In 1963 the Equal Pay Act was passed with the noble intention of eliminating pay inequality by making it illegal to pay men and women unequally for equal work. Although an initial step in the right direction, over 50 years have passed, and America still struggles with a gender pay gap.
According to a study done by the National Women’s Law Center, women still earn on average $0.17 less per dollar than their male counterparts. This gap grows if the women are mothers to about $0.29 per dollar, and the Institute for Women’s Policy Research places the disparity in an abysmal range of $0.37 to $0.46 per dollar if the woman is a minority. It is clear that the Equal Pay Act has failed to achieve its goal.
One of the most often-cited reasons for its failure is a loophole found in the text of the Equal Pay Act itself. The Act outlaws paying unequal wages for equal work except in four circumstances, which may be raised by the employer as affirmative defenses. Employers may pay unequal wages for equal work when there is (1) a bona fide seniority system, (2) a bona fide merit system, (3) a system measuring earnings by quantity or quality of production, or (4) any other factor other than sex. It is the last exception, “any other factor other than sex,” which is being exploited as a pretext for gender wage discrimination.
Employers claim that using salary history to craft offers to potential new hires is one of these allowable “other than sex” factors, and some courts have upheld that reasoning. Other courts have decided that salary-history-based offers fall squarely into the type of discrimination the Equal Pay Act was meant to prevent. Americans are becoming increasingly aware, however, that using salary history to craft offers is problematic if women are currently being paid less than their male counterparts for the same work, in which case a future wage based on previous underpayment serves to perpetuate the gender pay gap.
A bill to address the issue waits for U.S. Senate approval after having passed the House for the second time since its first iteration in 1997m when Rep. Rosa DeLauro (D) introduced it. As Congress considers the bill, dubbed the Paycheck Fairness Act, and as circuit courts remain split on whether salary history is “any other factor other than sex,” states and cities are taking action. They are enacting legislation to ban questions about applicants’ salary histories, thereby narrowing the loophole exception in the Equal Pay Act.

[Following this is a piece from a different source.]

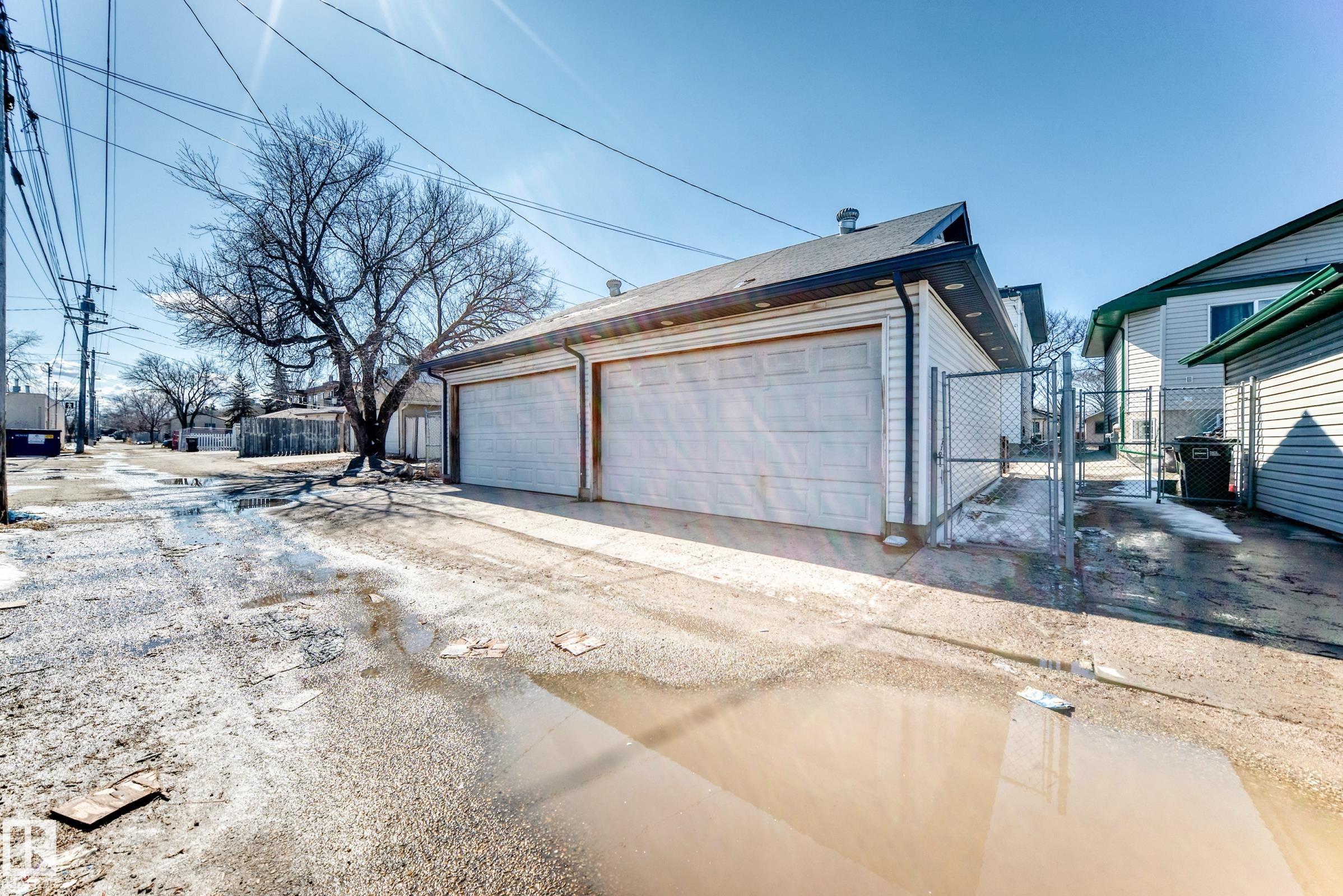 Parkdale 3+1 bedroom 2 storey half duplex just waling distance to all shopping, schools, and transportation. This home has fresh paint throughout the entire home which gives it a very welcome the bright and welcome feel. The main floor has a large living room area with a cozy fireplace. The kitchen offers and open feel with NEWER appliances, oak cabinets and a formal eating area. The upper level has 3 spacious bedrooms and 4 piece bathroom. The basement is partially finished with NEW hot water tank in 2024, and open area and an additional bedroom. The property is fully fenced outside with a private yard and the double detached oversized garage has opener and controller with a LOFT for additional storage. The home is centrally located near downtown, NAIT, major amenities, and transit. This is a great opportunity to move into a newer home in a mature neighborhood. Great investment property or for the first time buyer

There are presently 16 statewide bans on using salary history in the hiring process and 13 local bans. Philadelphia instituted one of the local bans, with a law prohibiting employers from asking job applicants to disclose their salary histories or from relying on salary history to set wages if the applicant voluntarily provides the information. Philadelphia’s Chamber of Commerce has challenged the ban, and the case has made its way up to the Third Circuit Court of Appeals. Argued on March 15, the parties await a decision.
Other cities and states around the rest of the country are awaiting the decision, as well, to see how a challenge on their own salary history bans, proposed or enacted, might play out.

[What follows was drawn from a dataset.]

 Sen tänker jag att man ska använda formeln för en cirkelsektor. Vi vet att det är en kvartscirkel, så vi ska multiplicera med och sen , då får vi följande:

Pennsylvania suddenly has a substantial voice in the recent nationwide discussions of gender pay inequality.
These states and cities sometimes expressly cite Equal Pay Act inadequacies in the purpose clauses of their salary-history bans, recognizing the need for action.

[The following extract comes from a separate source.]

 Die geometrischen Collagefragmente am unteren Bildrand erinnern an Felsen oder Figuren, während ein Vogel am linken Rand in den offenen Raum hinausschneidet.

A few states cannot achieve nationwide equality on their own, however, and with such a variety of interpretations of the Equal Pay Act loophole, the time is ripe for either a Supreme Court decision or Congressional action to clarify the matter.
In the wake of the #MeToo movement, the gender-pay equality effort has gained awareness and momentum. Regardless of how the Third Circuit decides Philadelphia’s ban, congressional action is being urged by a number of advocacy groups, including the American Bar Association.
Despite the overwhelming statistics, there is still pushback against these salary history bans. Some claim that businesses will be hurt by the initiative. Others say that it will lead to lowball offers for both genders for want of a reference point. Until the Supreme Court or Congress has spoken, however, all eyes are on Philadelphia.
Thea A. Paolini is an attorney in the business and employment practice group of Nauman Smith, a law firm in Harrisburg. She also has an MBA and was a business owner before pursuing a legal career.